Even if the two companies’ ideas of what content is appropriate for direct-download sales differ, both are ramping up this part of their business cautiously, with a slow trickle of content rather than a flood. Neither company is willing to do what Apple has done with its portable platform, opening the sales channel up to any garage developer who spends $100 on an SDK.

Some suggest that this is in part because brick-and-mortar retailers are forcing game publishers to choose between digital and physical. The creators of the Penny Arcade Adventures game said in 2008 that game specialty retailer GameStop would not carry its game on disc if it was released first through direct download.

Are Nintendo and Sony correct that the death knells of physical game distribution have yet to be sounded? Or are they dragging their feet, opening up a huge opportunity for a company like Apple to pull out in front? Neil Young, a former executive of Electronic Arts who quit to start an iPhone games developer called ngmoco, said as much in his Game Developers Conference keynote.

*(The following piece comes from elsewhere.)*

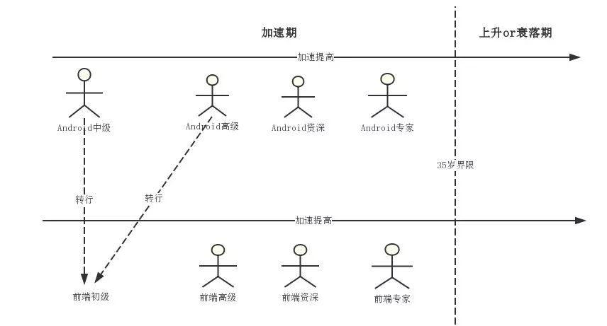 从图中可以看出,大部分人在35岁前是在加速期,35岁后是上升或者衰落期。以Android开发转前端来说,假设一个Android高级A同学转行前端会变为前端初级,这时从事前端的人都在加速提高,A同学要想赶超前面的拥有同样加速度的人是不可能办到的,这就导致他在转行前期极为被动,A同学还要保证在35岁前成为前端专家或者Leader才有可能在35岁后不进入衰落期,当然这时A同学的Android基本也就荒废了,很难成为专家。如果还想要在技术领域走的更远,就不要轻易的进行转行,如果想要转越早越好,越快越好,因为其他的竞争者都在加速提高,没人会停下等你的。

There’s nothing about the PSP and DS hardware that prevents them from competing with iPhone. It’s just Nintendo’s and Sony’s cherry-picked game release lineups. Should either company decide to open the floodgates, both platforms have the hardware to support more emphasis on digital.

For the time being, DSi as it stands will only further cement Nintendo’s victory over Sony in the traditional handheld gaming business. Whether its latent power boost and largely undefined future library of downloadable games will be enough to sustain Nintendo’s recent record-breaking performance into the age of games on demand is still up in the air.